# Tagging and Extraction Using OpenAI functions üè∑Ô∏è

## Introduction 
This notebook demonstrates `how to perform tagging and extraction using OpenAI functions in combination with Langchain`. The main focus is on tagging text with specific attributes such as sentiment and language, and extracting structured information from text.

`Sentiment analysis` is a natural language processing (NLP) technique used to determine the sentiment or emotional tone behind a piece of text. This can be categorized as positive, negative, or neutral. Sentiment analysis is widely used in various applications such as social media monitoring, customer feedback analysis, and market research.
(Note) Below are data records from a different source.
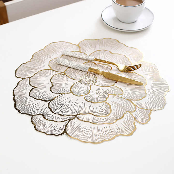 Creative Peony Flower Modern Style Eco-Friendly Decorative Gold Plated Home Cup Mat Leather Table Mat Thermal Insulation Mat
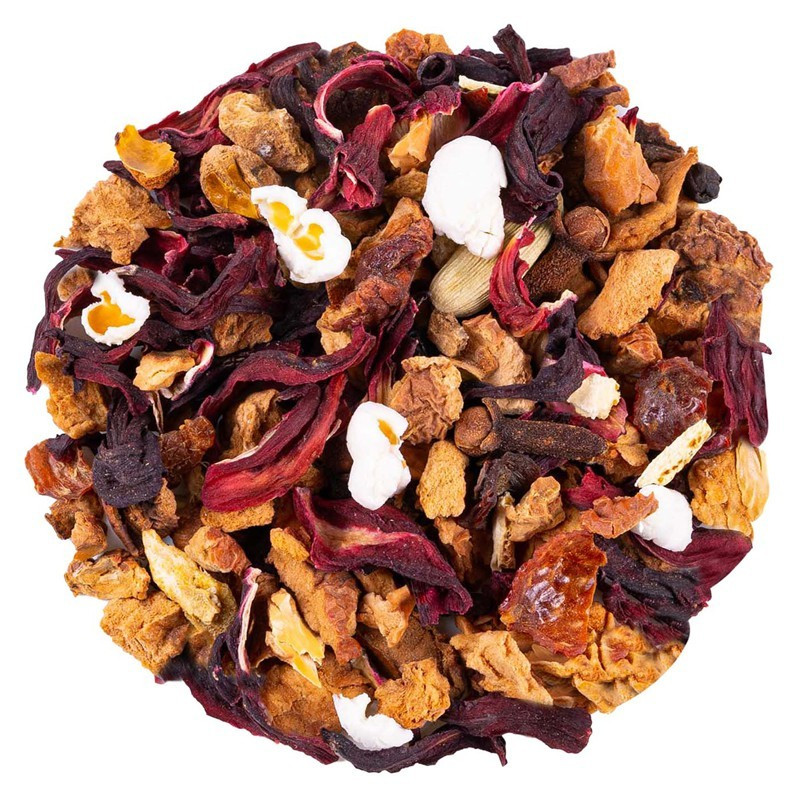 Samengesteld uit keukenspecerijen met krachtige smaak zoals kaneelschors, gember en kruidnagel, verwent deze kruidenthee uw smaakpapillen. De roosblaadjes, appel, sinaasappelschil en hibiscus brengen een zachte en zoete smaak. Vervolgens komt de citroensmaak van kardemom, werkelijk gekruid met een vleugje zwarte peper. Afkomstig van de traditionele geneeskrachtige recepten uit China, bekend in de kruidengeneeskunde, warmt deze biologische kruidenthee uw lichaam op. De stukken kruiden en specerijen leveren zowel een diepe smaak als meerdere gezondheidsvoordelen.
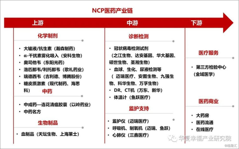 NCP产业链上游:药品成为抗疫硬核武器,探寻有效治疗和预防的新思路。不管是针对治疗的老药新用,还是围绕治疗必须的常规药品,均在疫情管控下加紧研发、生产,逆势增产来满足需求。
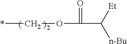 R1 and R2, each independently, represent preferably a substituted ethyl group, a substituted butyl group, a substituted hexyl group, a substituted 2-ethylhexyl group, more preferably a substituted ethyl group, a substituted butyl group, and a substituted hexyl group, and still more preferably, an acyloxy group substituted ethyl group, an acyloxy group substituted butyl group, an acyloxy group substituted hexyl group, an alkoxy group substituted ethyl group, an alkoxy group substituted butyl group, an alkoxy group substituted hexyl group.
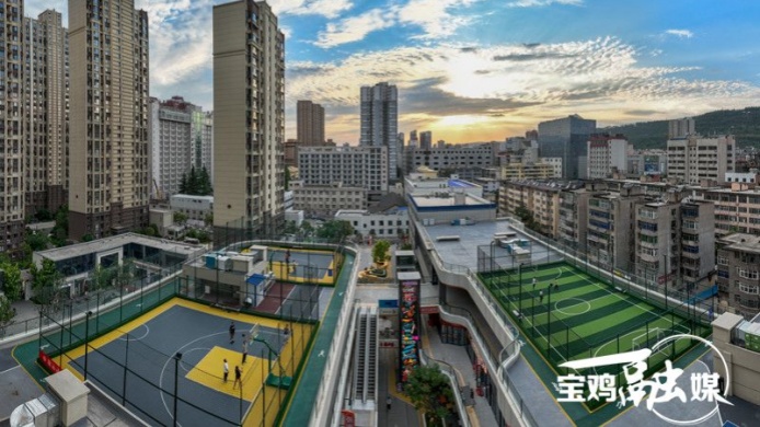 現代設計重構都市生活美學。在渭濱區的文化里商業街,樓頂空間搖身變成空中運動場,強化玻璃防護墻+360°防護網提供安全保障,體現出城市空間的人文關懷與創新融合,讓商業活力與民生福祉共存。
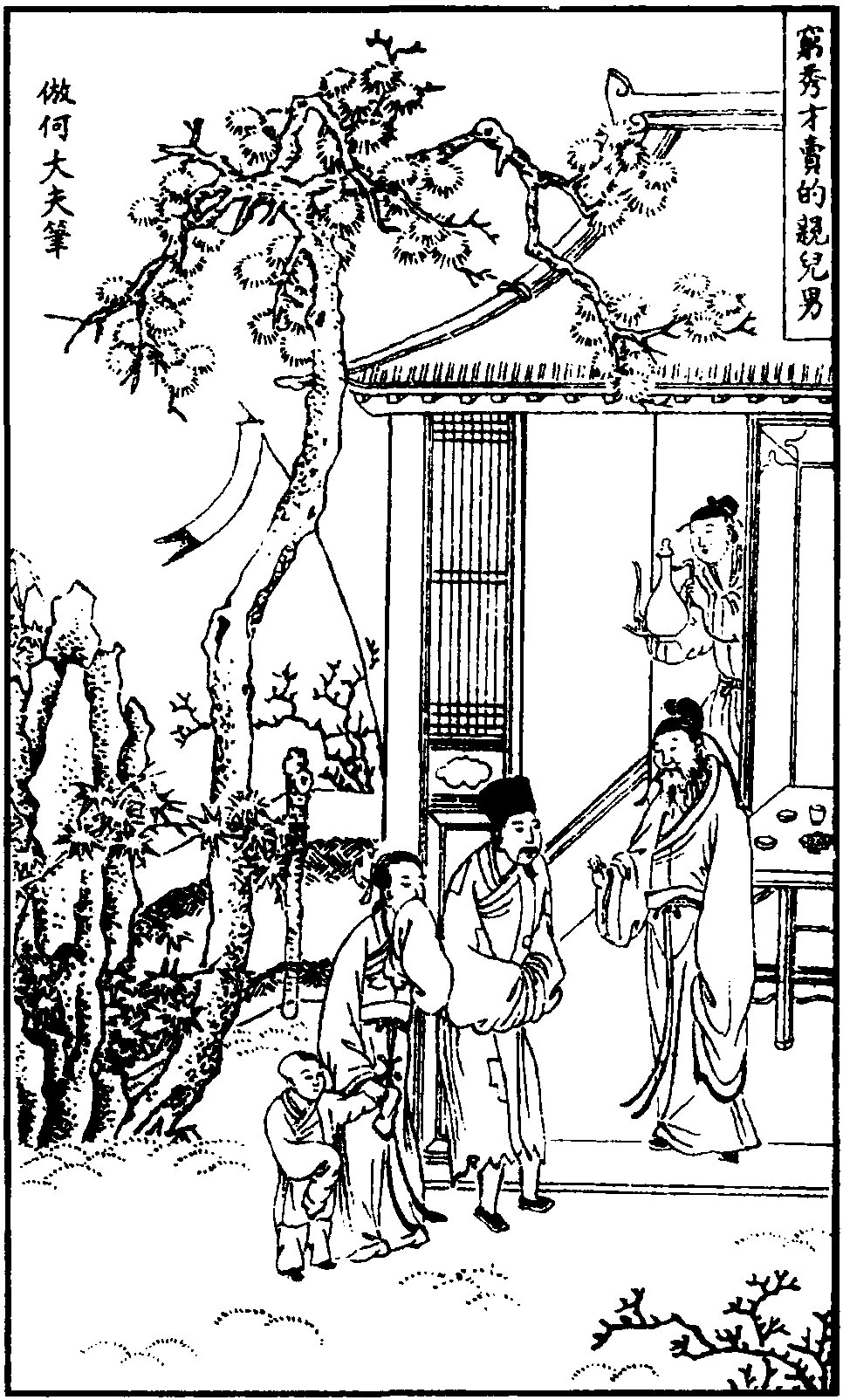 【倘秀才】 曲后是一大段宾白。当陈德甫提醒还未付卖主恩养钱时,这个贾仁,贫穷时在神灵前反复祈祷: “上圣可怜见,但与我些小衣禄食禄,我贾仁也会斋僧布施,盖寺建塔,修桥补路,惜孤念寡,敬老怜贫,我可也会舍的。” 骤然大富之后,竟是另外一种嘴脸。先是在口授陈德甫卖儿文书时就设下了圈套,一是不言明谁付谁恩养钱多少,二是写明如若反悔,罚宝钞一千贯与不反悔之人。陈德甫要求他付与周荣祖恩养钱,贾仁便胡搅蛮缠: “甚么恩养钱? 随他与我些便罢。” 理由是“如今要在我家吃饭,我不问他要恩养钱,他倒问我要恩养钱。” 还要倒打一耙,说周荣祖反悔,“罚一千贯宝钞来与我”。陈德甫再三说合才极不情愿地开库取出一贯钱,并且申明: “一贯钱上有许多宝字,你休看的轻了。你便不打紧,我便似挑我一条筋哩。” 周荣祖妻张氏气愤地说: “怎生与我一贯钞? 便买个泥娃娃儿,也买不的。” 【滚绣球】 前一叠是剧烈翻腾的心理活动,申诉穷人家的孩子也是母亲十月怀胎,三年哺乳辛苦养成,而贾仁只付一贯钱,简直与乘人之危、恃强抢夺无异。“我虽是穷秀才,他觑人忒小哉。那些个公平买卖,量这一贯钞值甚钱财?” 后一叠是对贾仁不公平做法的义正词严的抗议。他看清了贾仁是以饵相钓,巧取豪夺,想起了 “留得青山在,不怕没柴烧” 的俗语,决定即使沿街叫卖诗文、行乞讨吃,也不卖儿子了。

### Setup the Environment, OpenAI API Key  and Imports
First, we need to import the necessary libraries and set up the Environemnt and the OpenAI API key:

In [1]:
# Import necessary libraries
import os
import openai
from dotenv import load_dotenv, find_dotenv

# Load environment variables from .env file
_ = load_dotenv(find_dotenv()) # read local .env file
openai.api_key = os.environ['OPENAI_API_KEY']

# Print OpenAI API key (masked)
print(f"OPENAI_API_KEY: {os.getenv('OPENAI_API_KEY')[:5]}*****")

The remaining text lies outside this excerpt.